Information supplied ->
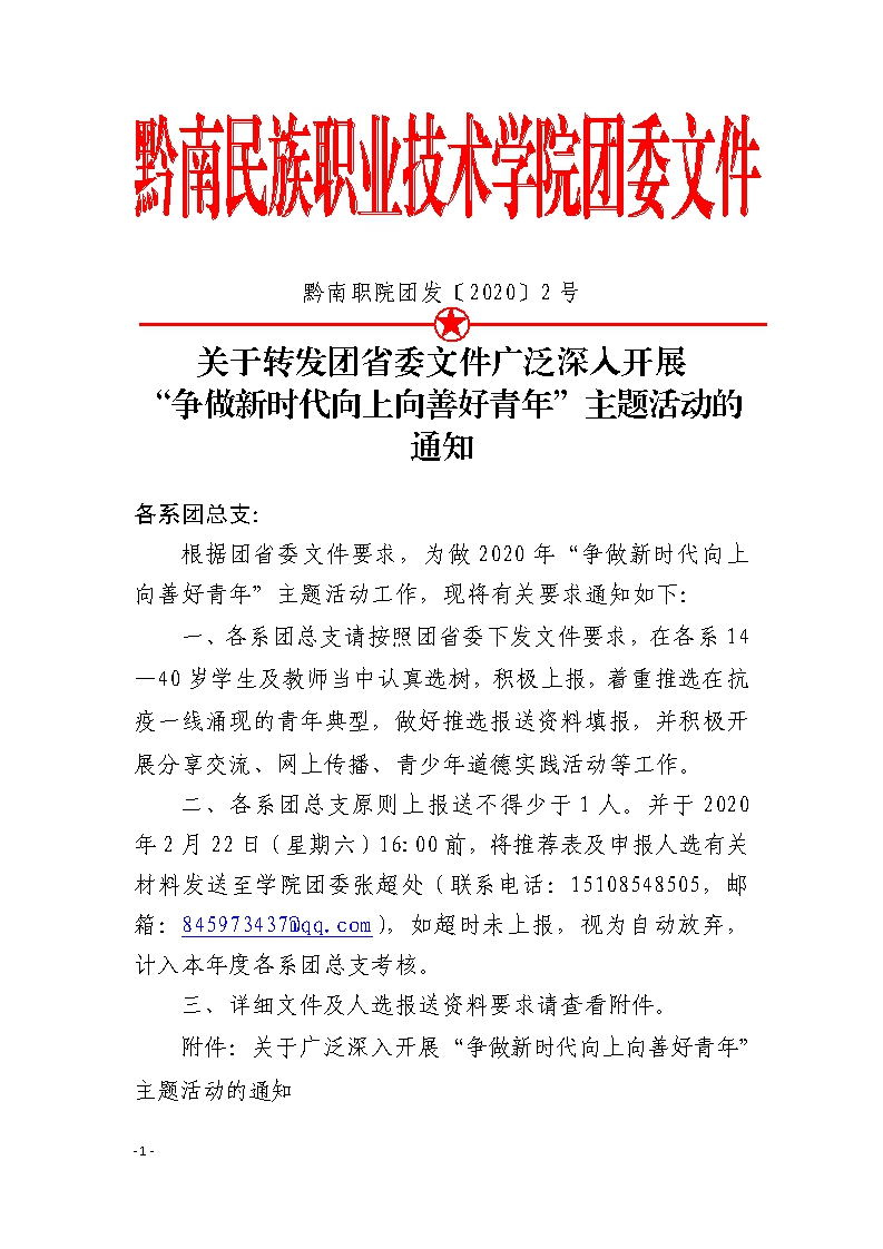 团发〔2020〕2号文件关于转发团省委文件广泛深入开展“争做新时代向上向善好青年”主题活动的通知
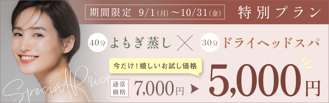 よもぎ蒸し・ドライヘッドスパ・ネイルを提供しております、
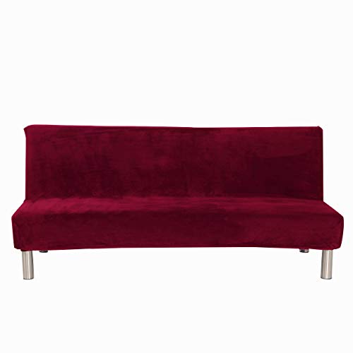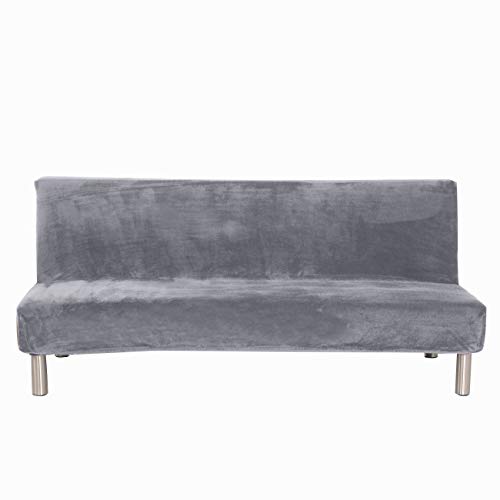 Velvet Plush Armless Sofa Slipcover,3 Seater Winter Thicker Stretch Sofa Bed Covers Furniture Protector Solid color Anti-slip Stretch Couch Cover

Exercise description -> Without any pictures, repeat the listing exactly.

Result ->
 团发〔2020〕2号文件关于转发团省委文件广泛深入开展“争做新时代向上向善好青年”主题活动的通知
 よもぎ蒸し・ドライヘッドスパ・ネイルを提供しております、
 Velvet Plush Armless Sofa Slipcover,3 Seater Winter Thicker Stretch Sofa Bed Covers Furniture Protector Solid color Anti-slip Stretch Couch Cover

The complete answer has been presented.